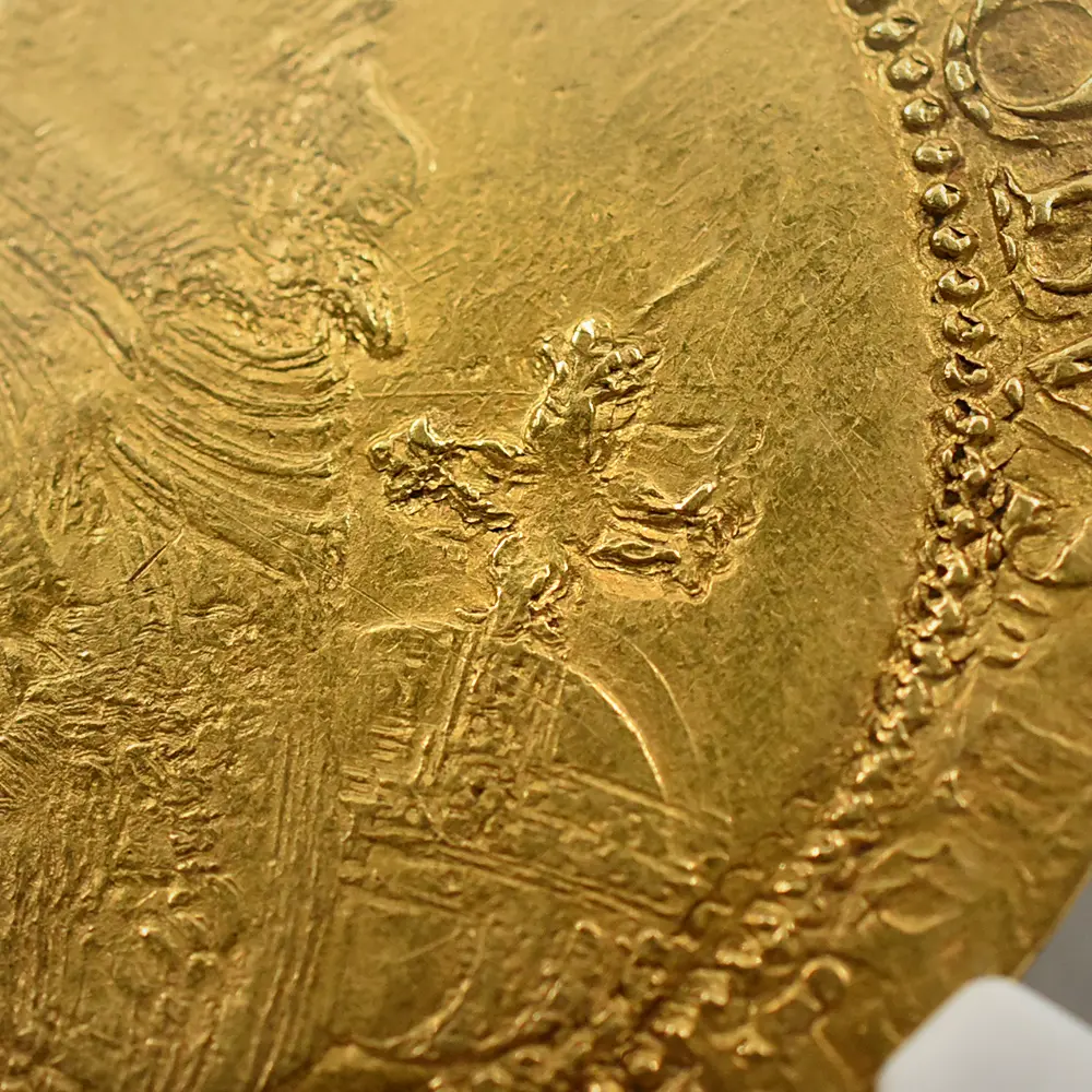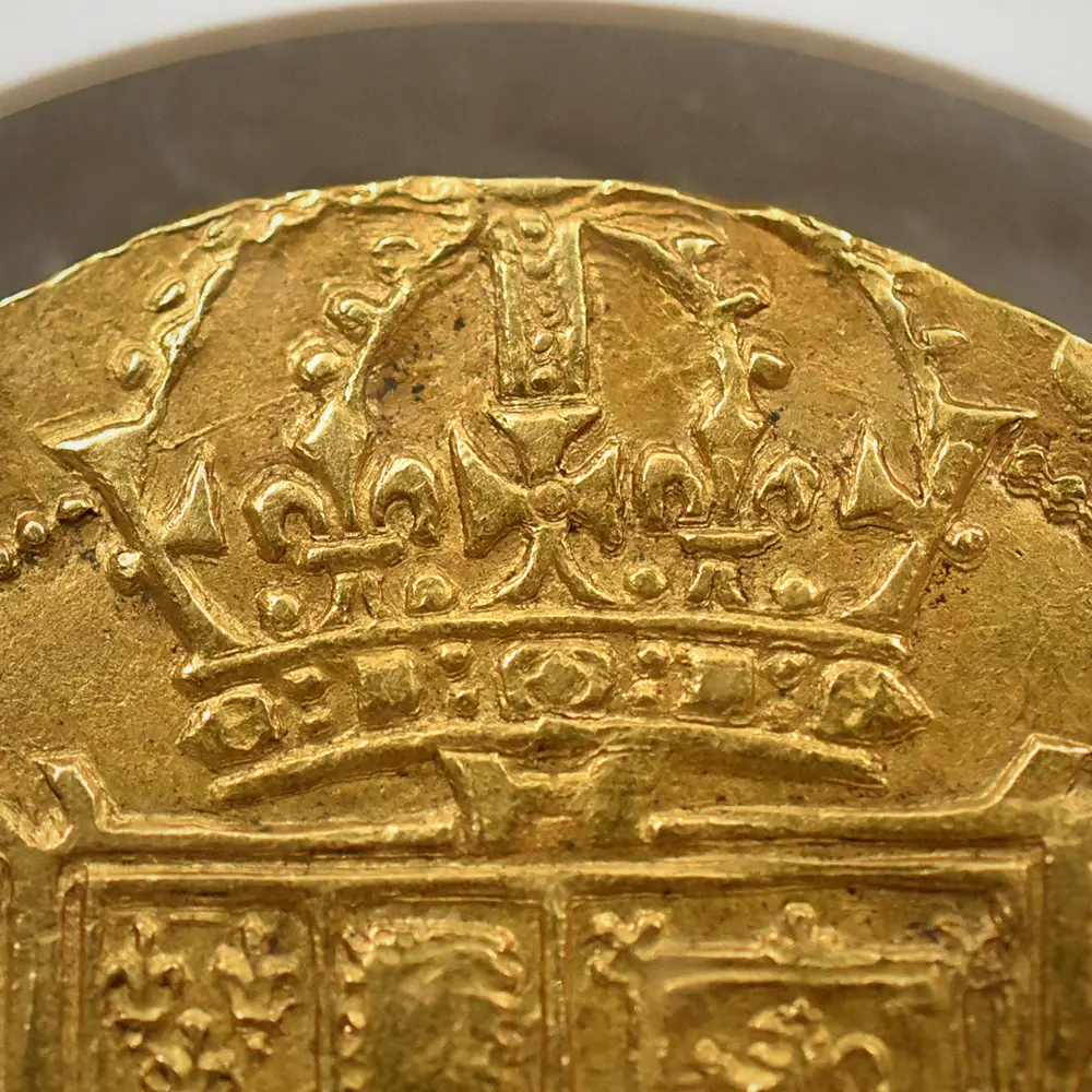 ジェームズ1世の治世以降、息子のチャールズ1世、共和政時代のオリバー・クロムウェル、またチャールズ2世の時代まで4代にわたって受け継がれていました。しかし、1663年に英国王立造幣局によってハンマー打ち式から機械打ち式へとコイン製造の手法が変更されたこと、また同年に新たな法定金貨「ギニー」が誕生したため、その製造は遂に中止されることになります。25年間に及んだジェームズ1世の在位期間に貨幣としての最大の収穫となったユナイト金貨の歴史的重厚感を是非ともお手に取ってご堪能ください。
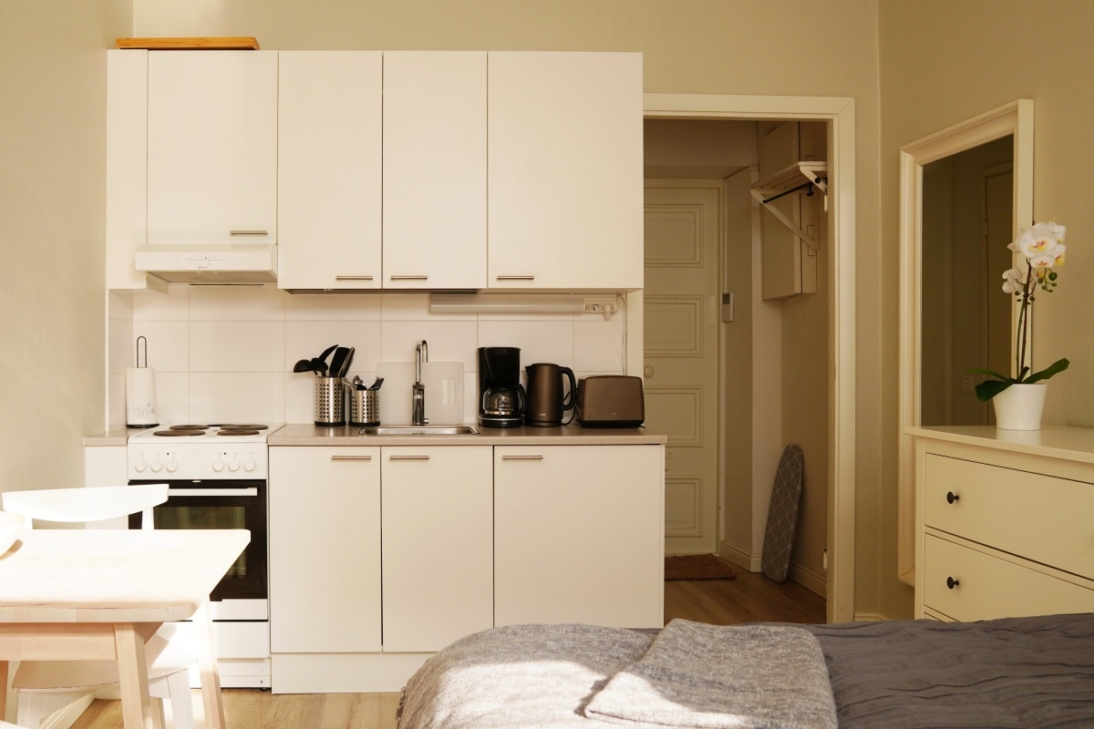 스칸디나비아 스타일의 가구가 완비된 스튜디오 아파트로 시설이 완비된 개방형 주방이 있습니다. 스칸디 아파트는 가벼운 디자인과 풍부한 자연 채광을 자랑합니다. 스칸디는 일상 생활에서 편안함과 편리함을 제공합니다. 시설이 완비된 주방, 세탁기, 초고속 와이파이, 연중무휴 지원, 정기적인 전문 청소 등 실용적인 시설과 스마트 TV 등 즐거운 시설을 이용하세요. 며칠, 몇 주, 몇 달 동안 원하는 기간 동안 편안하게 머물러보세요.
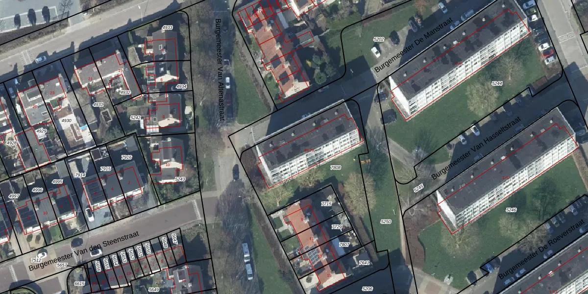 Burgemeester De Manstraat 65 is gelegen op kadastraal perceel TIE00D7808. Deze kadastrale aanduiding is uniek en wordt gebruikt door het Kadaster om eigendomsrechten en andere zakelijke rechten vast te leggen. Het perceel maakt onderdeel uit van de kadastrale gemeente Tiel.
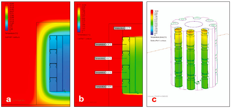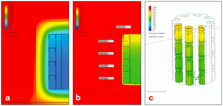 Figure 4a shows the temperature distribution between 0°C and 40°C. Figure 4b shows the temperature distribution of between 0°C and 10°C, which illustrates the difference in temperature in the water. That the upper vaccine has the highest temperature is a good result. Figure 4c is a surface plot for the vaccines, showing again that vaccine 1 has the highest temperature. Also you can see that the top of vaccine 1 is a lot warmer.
● ● ● ● ● ● ●
Task directions:
Please retype the listing in full, exactly as given, and skip every image.

Task solution:
 ジェームズ1世の治世以降、息子のチャールズ1世、共和政時代のオリバー・クロムウェル、またチャールズ2世の時代まで4代にわたって受け継がれていました。しかし、1663年に英国王立造幣局によってハンマー打ち式から機械打ち式へとコイン製造の手法が変更されたこと、また同年に新たな法定金貨「ギニー」が誕生したため、その製造は遂に中止されることになります。25年間に及んだジェームズ1世の在位期間に貨幣としての最大の収穫となったユナイト金貨の歴史的重厚感を是非ともお手に取ってご堪能ください。
 스칸디나비아 스타일의 가구가 완비된 스튜디오 아파트로 시설이 완비된 개방형 주방이 있습니다. 스칸디 아파트는 가벼운 디자인과 풍부한 자연 채광을 자랑합니다. 스칸디는 일상 생활에서 편안함과 편리함을 제공합니다. 시설이 완비된 주방, 세탁기, 초고속 와이파이, 연중무휴 지원, 정기적인 전문 청소 등 실용적인 시설과 스마트 TV 등 즐거운 시설을 이용하세요. 며칠, 몇 주, 몇 달 동안 원하는 기간 동안 편안하게 머물러보세요.
 Burgemeester De Manstraat 65 is gelegen op kadastraal perceel TIE00D7808. Deze kadastrale aanduiding is uniek en wordt gebruikt door het Kadaster om eigendomsrechten en andere zakelijke rechten vast te leggen. Het perceel maakt onderdeel uit van de kadastrale gemeente Tiel.
 Figure 4a shows the temperature distribution between 0°C and 40°C. Figure 4b shows the temperature distribution of between 0°C and 10°C, which illustrates the difference in temperature in the water. That the upper vaccine has the highest temperature is a good result. Figure 4c is a surface plot for the vaccines, showing again that vaccine 1 has the highest temperature. Also you can see that the top of vaccine 1 is a lot warmer.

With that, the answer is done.